Mas o fumo lá continuaria, uma constante nas minhas férias de Natal, também pelo facto de o meu avô todos os anos querer fazer o sobreiro de Natal. Não o bolo - lá guloso era ele, verdade seja dita - mas sim o madeiro que acendia todos os anos na véspera de Natal e que deveria arder até ao Dia de Reis... explicava-me o meu avô, pacientemente, todos os anos, que era o costume "para as almas se irem aquecer". E eu lembro-me de ficar a olhar para o madeiro e pensar como poderiam as almas vir aquecer-se naquele tronco que ficava apenas incadescente durante a noite... e o calor e as cores do lume embalavam-me enquanto aquecia os pés numa tentativa frustrada de me deitar com eles quentes... frustrada, claro está, porque a casa era pequena mas o frio suficiente para gelar em 30 segundos.

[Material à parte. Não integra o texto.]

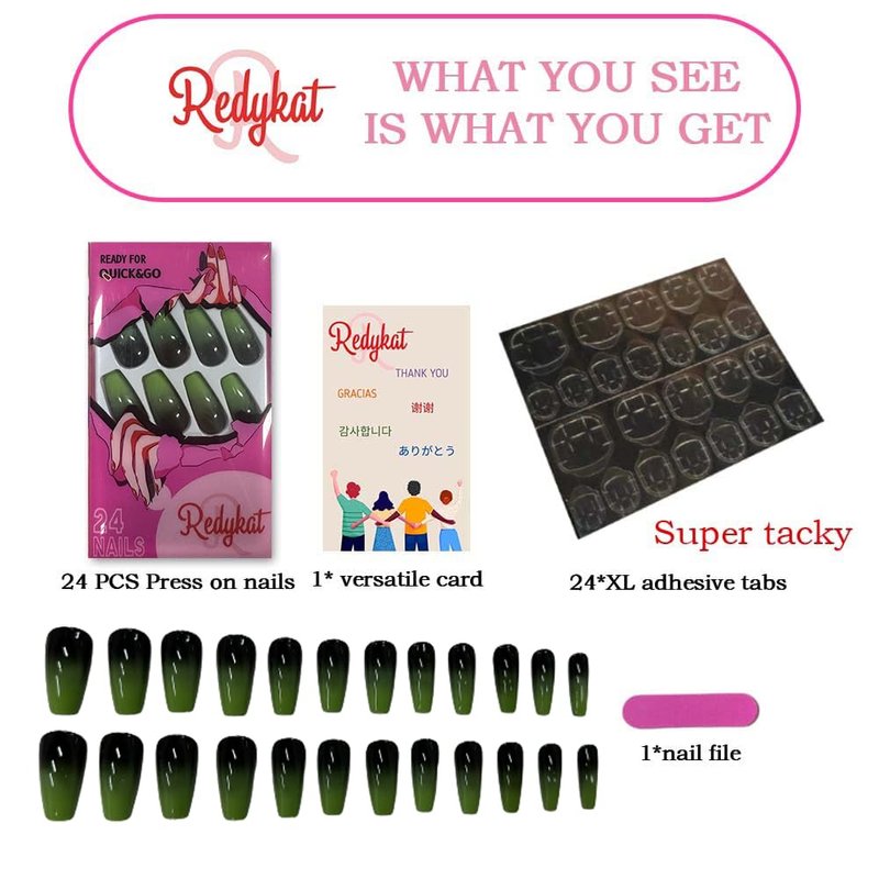 Redykat 24PCS Glossy Coffin Press On Nails, Salon Quality Nail art, Extra Long Acrylic Fake Nails, False Nails, Home Quick Manicure (green&black ombre)

De uns anos para os outros, sempre fez parte da nossa tradição de Natal o sobreiro que o meu avô zelava com tanto carinho. E as almas puderam parar lá por casa, nas suas deambulações nocturnas, e ficar mais consoladas com o calor não da lareira, mas da lembrança dos vivos e do amor que se lhes guarda mesmo sem pensar particularmente em alguém.
Lembro-me de, no ano em que fiquei sem os meus avós, me lembrar do sobreiro de Natal e de como seria bom se as suas almas também encontrassem lareiras como a nossa para se aquecerem. E lembro-me de adormecer a sorrir pensando que o amor da nossa saudade seria suficiente...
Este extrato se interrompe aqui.